START Data listing

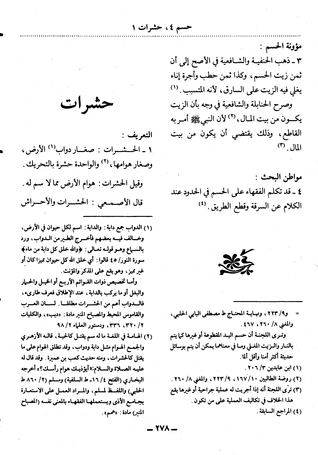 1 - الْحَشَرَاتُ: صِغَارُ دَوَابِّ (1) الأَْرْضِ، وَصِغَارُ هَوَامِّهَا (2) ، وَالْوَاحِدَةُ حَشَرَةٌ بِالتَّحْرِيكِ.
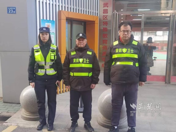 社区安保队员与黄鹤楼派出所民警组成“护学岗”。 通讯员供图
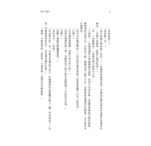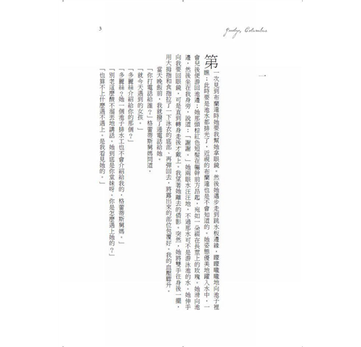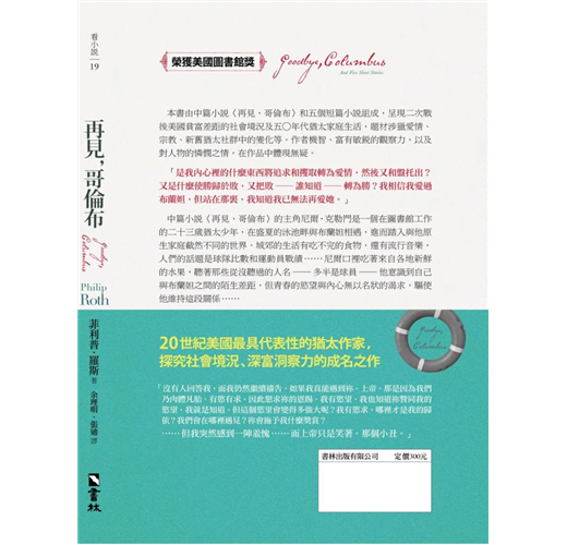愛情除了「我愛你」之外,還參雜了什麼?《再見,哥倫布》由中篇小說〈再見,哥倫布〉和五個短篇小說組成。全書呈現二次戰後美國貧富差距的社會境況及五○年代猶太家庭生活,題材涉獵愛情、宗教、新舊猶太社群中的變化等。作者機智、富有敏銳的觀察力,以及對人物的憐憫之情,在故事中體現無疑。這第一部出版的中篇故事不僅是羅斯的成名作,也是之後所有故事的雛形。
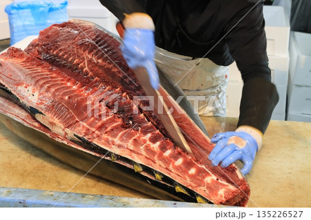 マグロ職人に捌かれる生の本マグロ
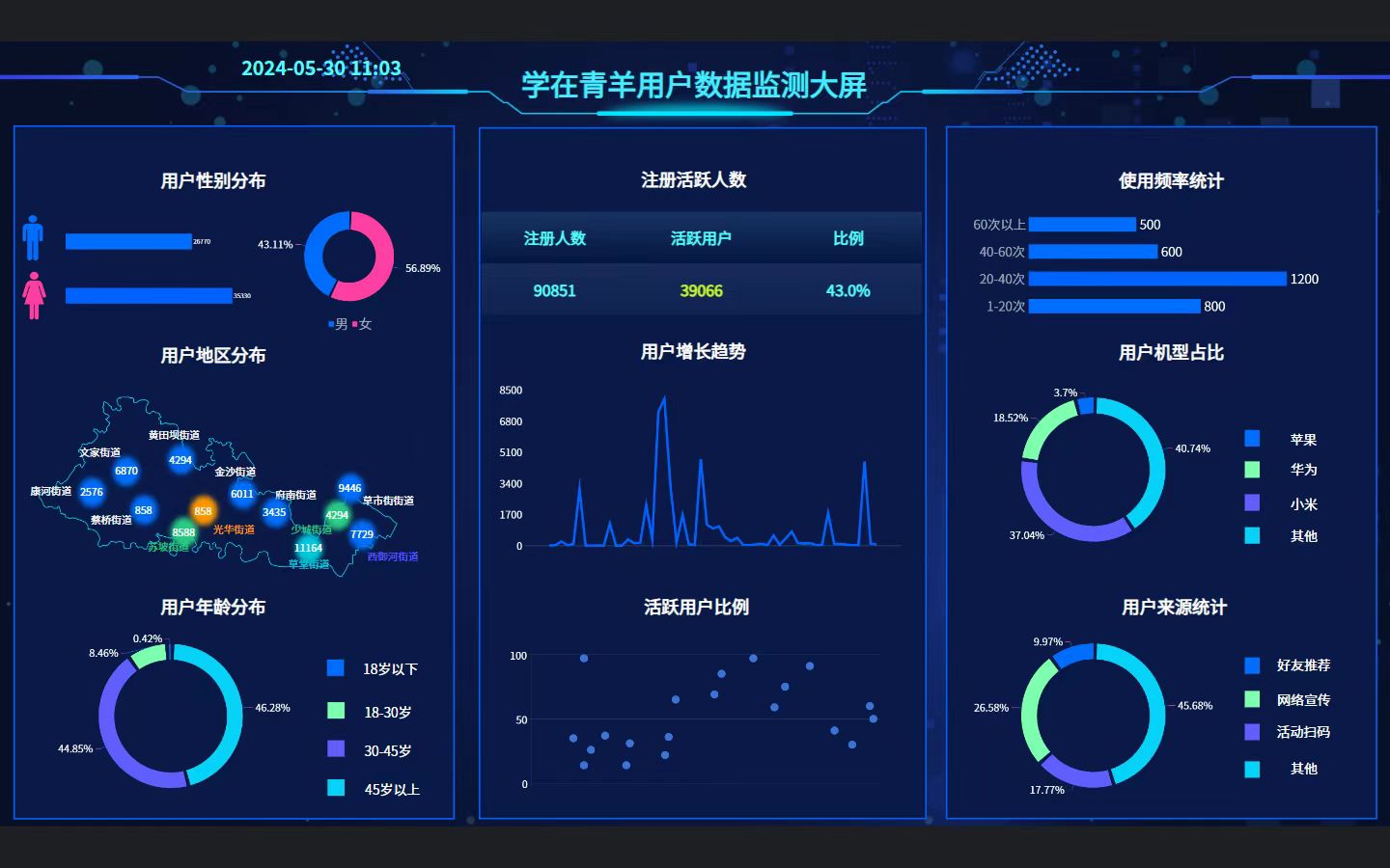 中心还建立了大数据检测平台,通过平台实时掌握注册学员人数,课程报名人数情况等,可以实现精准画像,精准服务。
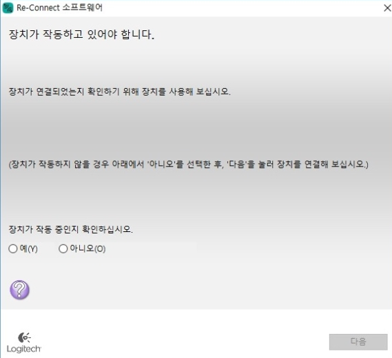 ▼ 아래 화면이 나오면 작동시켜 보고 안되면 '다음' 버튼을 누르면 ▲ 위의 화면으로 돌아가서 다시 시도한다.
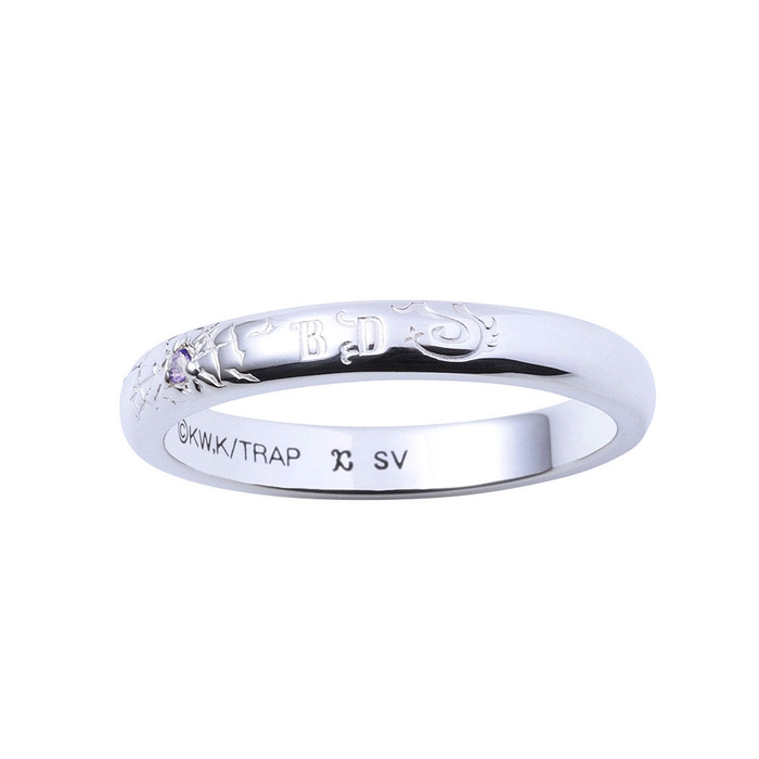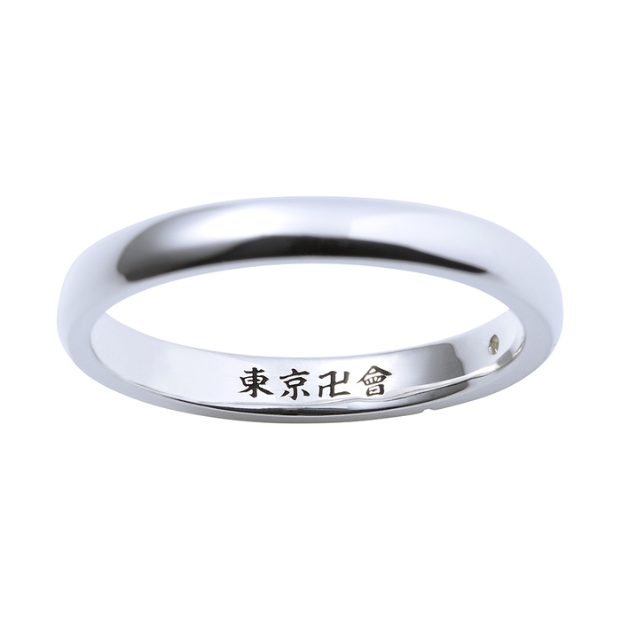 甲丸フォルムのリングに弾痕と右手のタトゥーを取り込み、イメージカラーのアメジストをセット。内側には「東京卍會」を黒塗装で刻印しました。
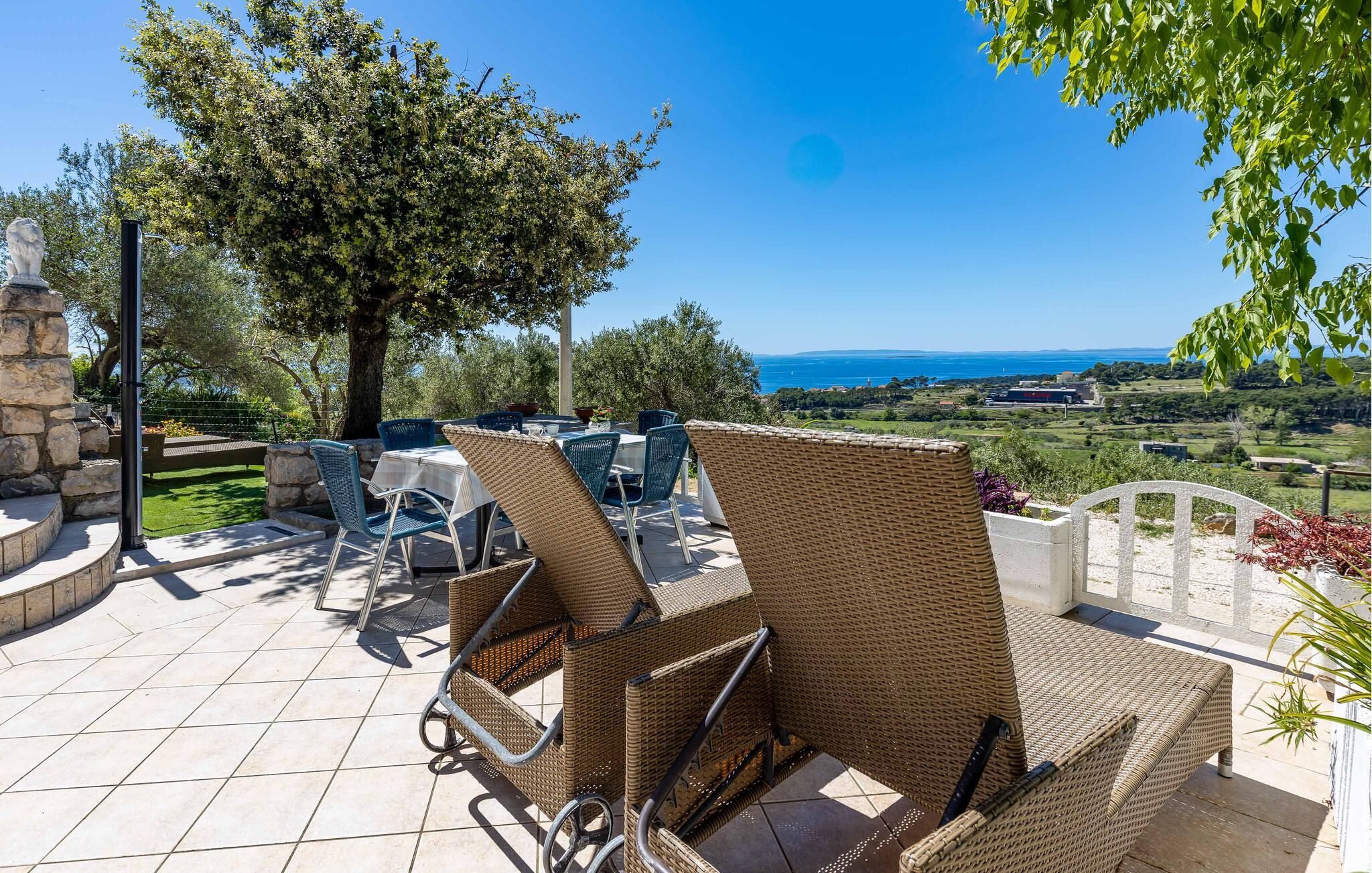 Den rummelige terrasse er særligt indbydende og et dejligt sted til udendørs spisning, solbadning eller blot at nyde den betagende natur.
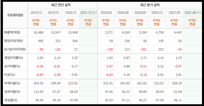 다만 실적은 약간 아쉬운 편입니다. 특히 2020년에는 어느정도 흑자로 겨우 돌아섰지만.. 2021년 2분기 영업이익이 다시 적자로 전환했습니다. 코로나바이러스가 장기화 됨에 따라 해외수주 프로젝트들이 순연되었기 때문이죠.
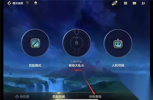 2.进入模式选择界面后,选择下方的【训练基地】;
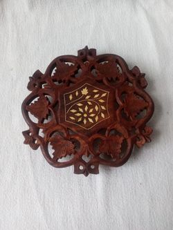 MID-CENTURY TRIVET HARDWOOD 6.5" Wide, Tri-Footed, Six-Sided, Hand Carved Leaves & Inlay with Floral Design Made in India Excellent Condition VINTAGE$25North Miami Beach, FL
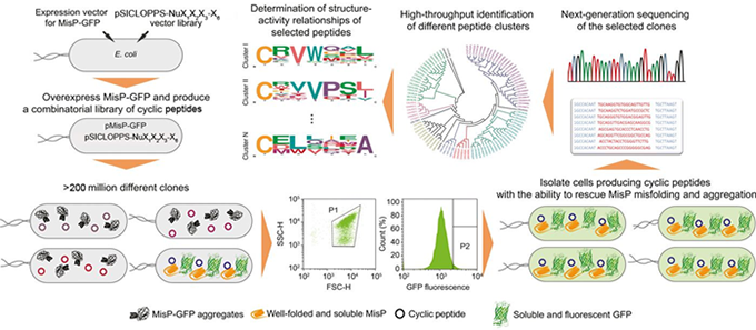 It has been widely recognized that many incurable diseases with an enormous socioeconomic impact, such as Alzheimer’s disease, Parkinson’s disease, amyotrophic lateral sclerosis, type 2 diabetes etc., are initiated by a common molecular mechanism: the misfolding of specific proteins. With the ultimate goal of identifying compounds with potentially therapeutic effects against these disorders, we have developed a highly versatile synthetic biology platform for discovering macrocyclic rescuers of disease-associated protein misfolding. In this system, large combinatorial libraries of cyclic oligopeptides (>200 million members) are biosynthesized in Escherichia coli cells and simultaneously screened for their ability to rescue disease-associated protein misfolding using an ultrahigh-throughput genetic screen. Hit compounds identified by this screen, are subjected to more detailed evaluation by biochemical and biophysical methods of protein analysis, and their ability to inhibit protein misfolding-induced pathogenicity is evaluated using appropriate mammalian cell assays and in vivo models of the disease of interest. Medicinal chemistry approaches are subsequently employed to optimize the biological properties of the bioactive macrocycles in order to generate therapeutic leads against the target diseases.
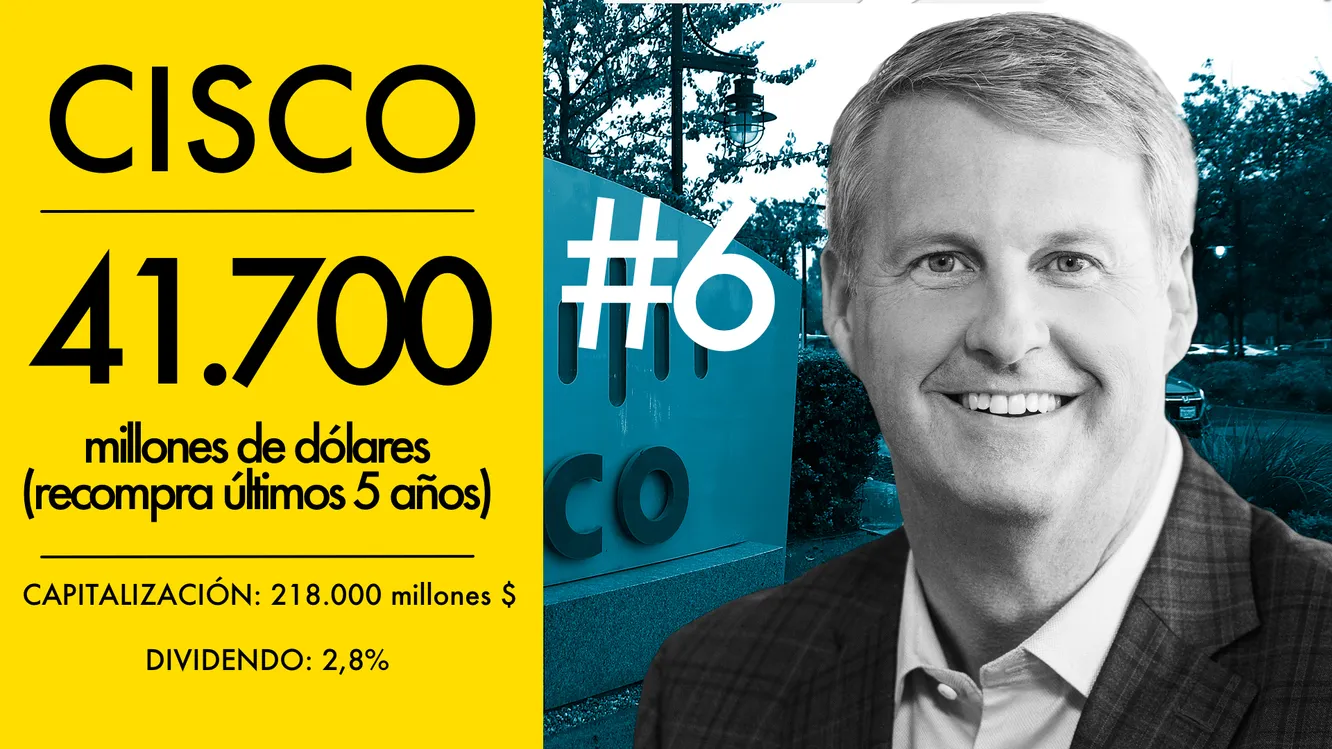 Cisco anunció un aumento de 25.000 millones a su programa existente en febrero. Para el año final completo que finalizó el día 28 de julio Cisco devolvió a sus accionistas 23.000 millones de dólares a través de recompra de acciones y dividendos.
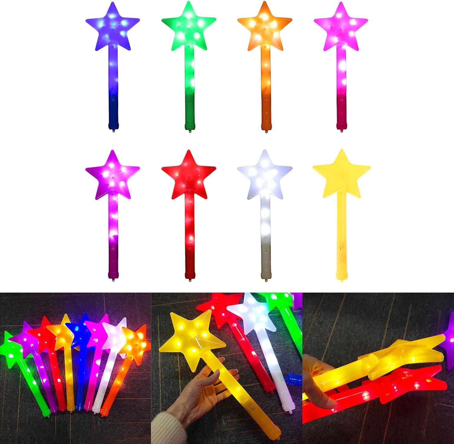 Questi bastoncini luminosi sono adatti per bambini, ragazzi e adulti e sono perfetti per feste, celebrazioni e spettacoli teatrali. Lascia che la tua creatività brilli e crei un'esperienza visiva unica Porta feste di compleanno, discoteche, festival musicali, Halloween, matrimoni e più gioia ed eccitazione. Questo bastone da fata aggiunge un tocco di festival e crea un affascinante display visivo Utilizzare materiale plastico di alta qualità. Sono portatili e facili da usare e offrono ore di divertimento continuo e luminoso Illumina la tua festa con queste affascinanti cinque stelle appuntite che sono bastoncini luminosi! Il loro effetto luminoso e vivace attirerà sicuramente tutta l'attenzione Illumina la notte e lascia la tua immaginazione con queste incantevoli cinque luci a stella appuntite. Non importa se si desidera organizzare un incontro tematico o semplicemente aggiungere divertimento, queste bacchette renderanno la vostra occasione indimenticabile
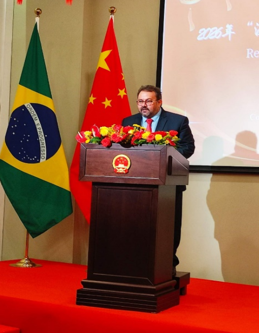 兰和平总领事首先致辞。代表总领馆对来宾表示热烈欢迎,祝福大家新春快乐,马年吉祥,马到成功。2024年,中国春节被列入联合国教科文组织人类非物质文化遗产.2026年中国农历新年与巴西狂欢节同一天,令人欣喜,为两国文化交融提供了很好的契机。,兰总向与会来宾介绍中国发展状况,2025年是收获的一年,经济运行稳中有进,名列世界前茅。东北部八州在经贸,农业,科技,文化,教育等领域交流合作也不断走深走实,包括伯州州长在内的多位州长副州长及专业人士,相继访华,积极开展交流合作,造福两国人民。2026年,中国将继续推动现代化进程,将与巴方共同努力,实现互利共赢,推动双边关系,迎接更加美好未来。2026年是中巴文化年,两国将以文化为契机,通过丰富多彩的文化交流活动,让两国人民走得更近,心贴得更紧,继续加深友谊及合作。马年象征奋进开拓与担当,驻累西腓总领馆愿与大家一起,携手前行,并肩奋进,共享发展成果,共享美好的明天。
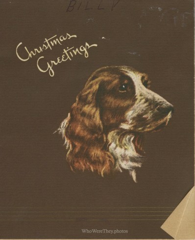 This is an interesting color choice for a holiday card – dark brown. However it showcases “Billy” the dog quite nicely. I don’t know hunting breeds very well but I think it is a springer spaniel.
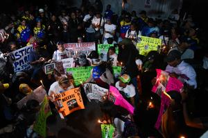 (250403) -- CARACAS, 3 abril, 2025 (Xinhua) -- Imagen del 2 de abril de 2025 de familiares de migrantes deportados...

END Data listing

Task item:
Reproduce only the lines running from the beginning of the entries above to the line holding "MID-CENTURY TRIVET HARDWOOD", inclusive. Pictures stay out of the copy.

Exercise response:
 1 - الْحَشَرَاتُ: صِغَارُ دَوَابِّ (1) الأَْرْضِ، وَصِغَارُ هَوَامِّهَا (2) ، وَالْوَاحِدَةُ حَشَرَةٌ بِالتَّحْرِيكِ.
 社区安保队员与黄鹤楼派出所民警组成“护学岗”。 通讯员供图
愛情除了「我愛你」之外,還參雜了什麼?《再見,哥倫布》由中篇小說〈再見,哥倫布〉和五個短篇小說組成。全書呈現二次戰後美國貧富差距的社會境況及五○年代猶太家庭生活,題材涉獵愛情、宗教、新舊猶太社群中的變化等。作者機智、富有敏銳的觀察力,以及對人物的憐憫之情,在故事中體現無疑。這第一部出版的中篇故事不僅是羅斯的成名作,也是之後所有故事的雛形。
 マグロ職人に捌かれる生の本マグロ
 中心还建立了大数据检测平台,通过平台实时掌握注册学员人数,课程报名人数情况等,可以实现精准画像,精准服务。
 ▼ 아래 화면이 나오면 작동시켜 보고 안되면 '다음' 버튼을 누르면 ▲ 위의 화면으로 돌아가서 다시 시도한다.
 甲丸フォルムのリングに弾痕と右手のタトゥーを取り込み、イメージカラーのアメジストをセット。内側には「東京卍會」を黒塗装で刻印しました。
 Den rummelige terrasse er særligt indbydende og et dejligt sted til udendørs spisning, solbadning eller blot at nyde den betagende natur.
 다만 실적은 약간 아쉬운 편입니다. 특히 2020년에는 어느정도 흑자로 겨우 돌아섰지만.. 2021년 2분기 영업이익이 다시 적자로 전환했습니다. 코로나바이러스가 장기화 됨에 따라 해외수주 프로젝트들이 순연되었기 때문이죠.
 2.进入模式选择界面后,选择下方的【训练基地】;
 MID-CENTURY TRIVET HARDWOOD 6.5" Wide, Tri-Footed, Six-Sided, Hand Carved Leaves & Inlay with Floral Design Made in India Excellent Condition VINTAGE$25North Miami Beach, FL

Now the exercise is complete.